Frequency spread Average Max.
GB3LER ~ 5Hz 21Hz
GB3RMK ~ 20Hz 57Hz

The third dopplergram shows reception of G6YIN (in beacon mode) in IO93ET (288km), with a variety of modes evident. The keying produces a spectrum spread over 10Hz or so, followed by carrier and then a break about every 24 seconds which can be clearly seen throughout the image.

The central line is the direct tropospheric signal. The Leonid meteor reflections can be seen particularly well at the three points marked "A". The reflected signal is again very diffuse in frequency, since it is fading rapidly. It was difficult to be sure at the time whether the propagation was forward scatter or back scatter. The signal did seem to peak in about the right direction, but this could have been the tropospheric component.

The other feature of note is the aircraft reflections, for example that at "B".

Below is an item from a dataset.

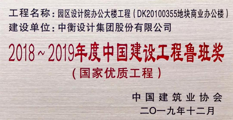 12月,中國建筑業(yè)協(xié)會(huì)公布2018~2019年度中國建設(shè)工程魯班獎(jiǎng)(國家優(yōu)質(zhì)工程)名單,并于12月10日在北京隆重召開建筑業(yè)科技創(chuàng)新暨2018-2019年度中國建設(shè)工程魯班獎(jiǎng)(國家優(yōu)質(zhì)工程)表彰大會(huì),交流建筑業(yè)科技創(chuàng)新成果,表彰241項(xiàng)魯班獎(jiǎng)工程。中國建設(shè)工程魯班獎(jiǎng)創(chuàng)立于1987年,是中國建筑行業(yè)工程質(zhì)量的最高榮譽(yù)獎(jiǎng)。此次,園區(qū)設(shè)計(jì)院辦公大樓工程(DK20100355地塊商業(yè)辦公樓)(中衡設(shè)計(jì)集團(tuán)新研發(fā)中心大樓)獲“2018~2019年度中國建設(shè)工程魯班獎(jiǎng)(國家優(yōu)質(zhì)工程)”。

When a meteor enters the atmosphere, it heats up and causes the surrounding gases to be ionised. The ionised gases form a trail behind the meteor and the trail then drifts at the local wind speed. The observed Doppler shifts thus represent the E-layer wind speed, taking into account the geometry of the reflection point relative to the signal path. However, the reflected signal fluctuates rapidly due to a number of factors - the variation with time of the ionisation, the variation in the trail geometry relative to the signal path, and the combination of signals from different reflection points with different Doppler shifts. So the result is both a centre frequency and a fading spectrum that varies with time.

tct2.gif (92880 bytes)

The effects that can be seen during the Leonids are quite different from normal MS propagation. Compare them with the plot showing reception earlier in the year of two 49.75 TV carriers about 30Hz apart. Discrete pings are evident throughout the trace, with only a very weak background scatter signal. Despite the much higher power used by the TV, the MS signal is not continuous. The continuity of the signals during the Leonids by contrast shows that much higher quantities of material are entering the earth’s atmosphere, perhaps by a factor of 100 or more.

tct3.gif (102730 bytes)

Why is the spectrum of GB3RMK so different from that of GB3LER? The paths from IO91 are similar - the heading difference is only 15 degrees. The path lengths are about 1010km (LER) and 756km (RMK). We know that the ionisation intensity needed to sustain propagation is a function of the path length, so that shorter skip paths require higher ionisation. If the MUF is below that needed for the direct RMK path, the signal will not be reflected but will be scattered from a (large) number of individual trails, leading to a high fluctuation rate. If there is a tendency for the scattering centres to be further off the direct path, this will also lead to more variation in the Doppler shifts. We can contrast this with the Lerwick path where we could speculate that the MUF is above 50 MHz. In this case the ionisation will appear as a flat-bottomed layer, and the signal will be reflected rather than scattered. However a reasonable question might be "why doesn’t GB3LER exhibit similar scattering to RMK, in addition to the reflection?" Maybe someone has a better model that can explain this.

tct4.gif (91341 bytes)

In conclusion

Doppler DSP provides an interesting insight into propagation at 50MHz and a new way of deciding which propagation modes are present or even to recognise several simultaneous modes. To make more use of this, there is a need for more stable beacon signals, and to ensure that there is an adequate period (at least 12 seconds) of unbroken carrier each cycle to allow narrow band Doppler processing.


I am indebted to Peter Martinez G3PLX for providing the Doppler analysis software, and for his helpful comments on the results.


1. Using Doppler DSP to study HF propagation, P Martinez G3PLX, RadCom May 1998
2. Equipment used: 5-ele yagi at 35ft agl, ICOM 575 rig, and the Motorola 56002EVM DSP using G3PLX software.